The downside of playing full time

But he started to feel burned out playing five or six days a week, 12 hours a day. 

“I was thinking about what else I could do, then I thought let’s give streaming a go. I was missing the social aspect of working a corporate job, where you go into the office and there are people you know well. You talk about football. You talk about music. Whatever. You have some banter, and I thought streaming might fill that void. And it did.”

These days you’ll find him grinding the evening schedule in Europe, which is great for fans in that time zone. It’s not always easy for Harb, however.

He moved to Christchurch around a decade ago. His wife, a New Zealand native, was living with him in the UK but her visa was about to expire. “We had to decide whether we wanted to stay or go to New Zealand,” he says. “I’d never been, I’d barely been out of Europe before.” 

They opted for New Zealand, starting out in Auckland before moving to the quieter, less-populated city of Christchurch.

Culture shock

“I think it would have been a bit of a culture shock to go straight from London to Christchurch,” says Harb. “It’s so much smaller and more rural. There are 400,000 people in Christchurch compared to 10 million in London. But now I love living there.”

The only issue? The time zone.

“The time zone in New Zealand can be harsh,” he says. “If you’re a typical professional poker player in your mid-twenties with no responsibilities, it would suck. You’d be finishing your sessions at the time you’d want to be waking up.”

But as a dad and a husband, Harb quite enjoys the early starts.

“It’s great because the only time I really miss with my family is that hour or two in the mornings when they’re getting ready to go to school and work.
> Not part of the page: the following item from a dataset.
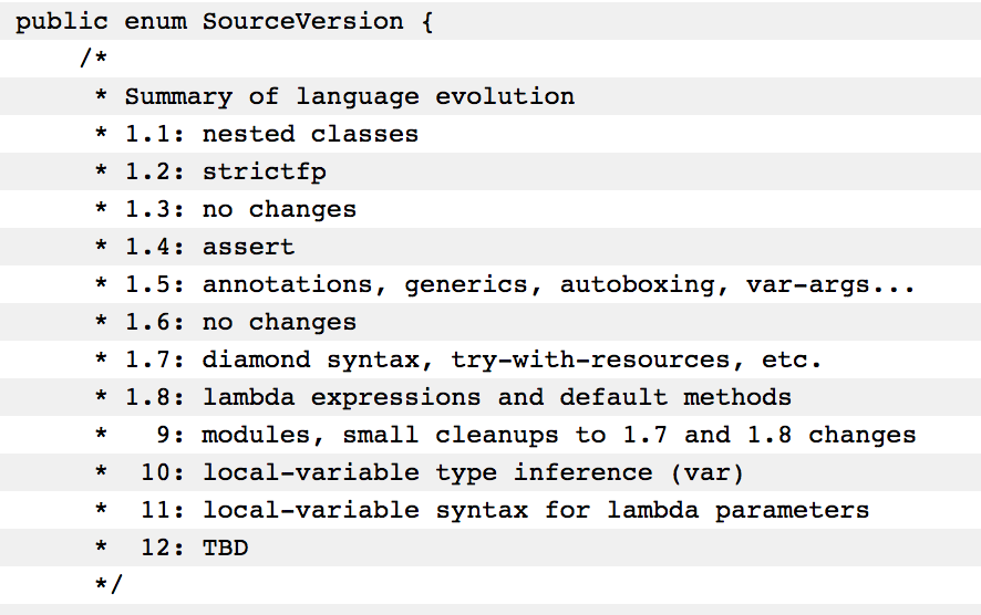 바로 이 SourceVersion 의 주석에 주요 특징이 적혀있다.

“But when my sessions end I get to go pick up my daughter from school which is just up the road, walk back, and then spend the afternoon with her. Then when my wife gets home I’m able to spend time with her. It actually works out really well. It’s tough to get used to though, getting up at that time. 

“When my sessions end I get to go pick up my daughter from school which is just up the road, walk back, and then spend the afternoon with her. Then when my wife gets home I’m able to spend time with her. It actually works out really well.”

“At the moment it’s great because I can get up at 4 – 5 am, which is a lie-in for me. But a couple of months ago during WCOOP, I was getting up around 1:30 – 2 am. That really restricts what you can do the night before. If someone wants to go out for dinner, you’re like great, but can we do it at six? Because I’ve got to be in bed by eight or nine! 

“But the flexibility of being an online poker player means you don’t do it all year round. You pick and choose the busy parts of your year and try to focus on doing other stuff around it. It’s worked out pretty well and after three and a half years I’ve got a good schedule.”